Procurar soluções terapêuticas para doenças difíceis de curar e em áreas onde persistem necessidades médicas por satisfazer e, assim, poder causar um impacto notável na vida das pessoas. É com foco na investigação e na inovação que a AbbVie persegue este objetivo, “constantemente à procura de novas formas de abordar os problemas de saúde mais graves dos doentes”, avança o diretor-geral da companhia em Portugal, Antonio Della Croce. Sobre a recente aquisição da Allergan, o responsável sublinha que “esta nova AbbVie, que une a experiência e o know-how de duas companhias farmacêuticas com um importante legado histórico, será uma AbbVie mais forte, com um crescimento sustentado a longo prazo e capaz de causar um impacto notável na vida de um número cada vez maior de pessoas”.

Jornal Médico (JM) | A AbbVie é uma com­panhia biofarmacêutica altamente focada na investigação e no crescimento sustentável, que tem como objetivo dar resposta a algumas das maiores necessidades mundiais em termos de saúde e causar um impacto notável na vida das pessoas.
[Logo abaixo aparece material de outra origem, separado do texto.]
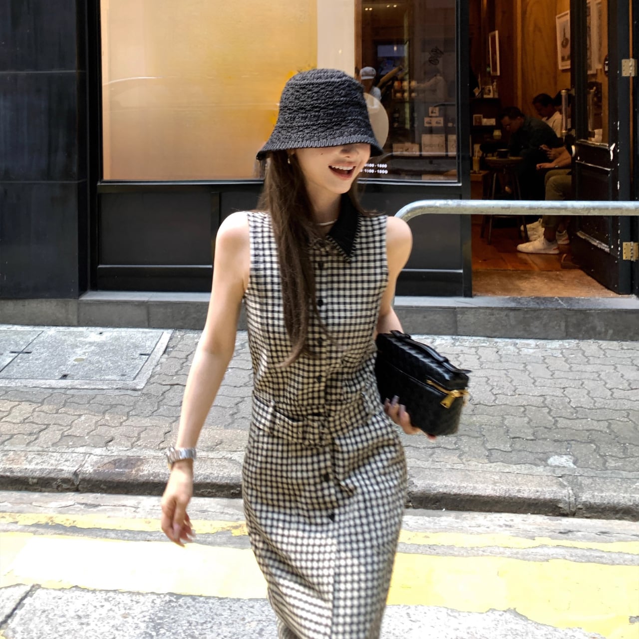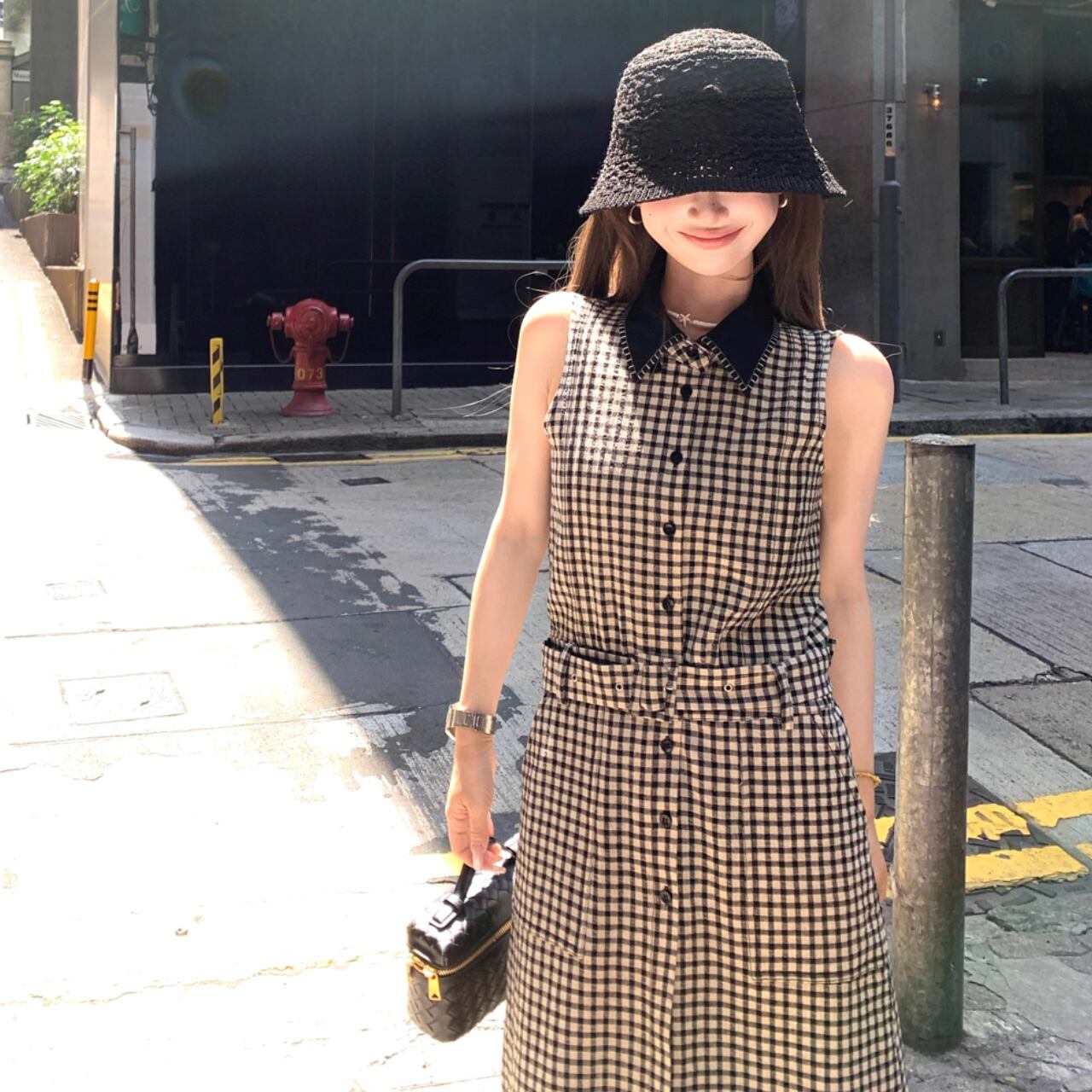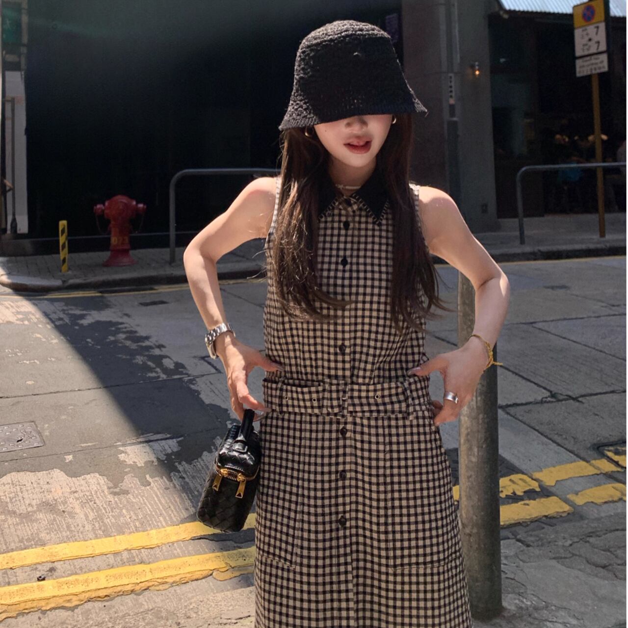 大人のためのモダンなギンガムチェックを纏った、ノースリーブのフレアドレス。

Quais são as estratégias em curso pela companhia para atingir estas metas?

Antonio Della Croce (ADC) | Desde o dia em que a AbbVie foi criada, o nosso princi­pal objetivo foi sempre o de procurar soluções terapêuticas para doenças difíceis de curar e em áreas onde persistem necessidades médicas por satisfazer. É assim que esperamos poder causar um impacto notável na vida das pessoas. Estamos constantemente à procura de novas formas de abordar os problemas de saúde mais graves dos doentes. A nossa companhia concentra os esfor­ços num conjunto de áreas terapêuticas – aquelas em que temos uma experiência comprovada e nas quais sentimos que podemos ter um impacto ain­da maior. Mas, diria que a nossa estratégia passa por três pontos essenciais: a investigação, o foco no doente e a colaboração.

Começando pela inovação e investigação… Essas são as duas pedras an­gulares do nosso negócio. Estão na base de tudo aquilo que fazemos. Só com investigação é possível descobrir e explorar novos caminhos no tratamento de doenças tão complexas como, por exemplo, as doenças imunomediadas, hemato-oncológicas ou as doenças do foro neurológico. Por essa razão, temos feito um grande investimento em inves­tigação e desenvolvimento (I&D). Enquanto exis­tirem doentes com necessidades por satisfazer, não descansaremos! Vamos continuar a investir fortemente no nosso pipeline.

Na nossa abordagem – onde o foco está efe­tivamente no doente – procuramos ir muito além da própria ciência. Trabalhamos continuamente na criação de soluções que vão além do trata­mento da doença e queremos compreender toda a jornada do doente. Isso é muito importante para irmos ao encontro das necessidades de médicos e doentes. Mas, sabemos também que não é uma tarefa simples… A colaboração é essencial. Tra­balhamos, por isso, em conjunto com os nossos pares, académicos, profissionais de saúde, auto­ridades, associações de doentes… Só trabalhando em equipa e com espírito de colaboração é possí­vel transformar realmente a vida dos doentes para incomparavelmente melhor.

JM | Como vivem corporativamente o mote People. Passion. Possibilities.?

ADC | É muito simples… É algo que está enraizado na própria cultura da Abb­Vie e que é fomentado dentro da companhia de forma muito natural. People porque as pessoas são de facto a nossa principal prioridade, sejam os nossos colaboradores, os nossos doentes ou os nossos parceiros. Valorizamos profundamente as relações humanas e acreditamos que é isso que faz a diferen­ça na nossa abordagem. Passion porque colocamos paixão em tudo aquilo que fazemos. Penso que todos na AbbVie sentimos um imenso orgulho por partilharmos a missão de causar um impacto notável na vida dos doentes. É essa paixão que nos move e que nos dá força para todos os dias continuarmos a trabalhar em prol de médicos e doentes. E por fim, Possibilities por­que acreditamos verdadeira­mente que nada é impossível. Não temos dúvidas que com foco e determinação é possível transformar qualquer possibili­dade em realidade.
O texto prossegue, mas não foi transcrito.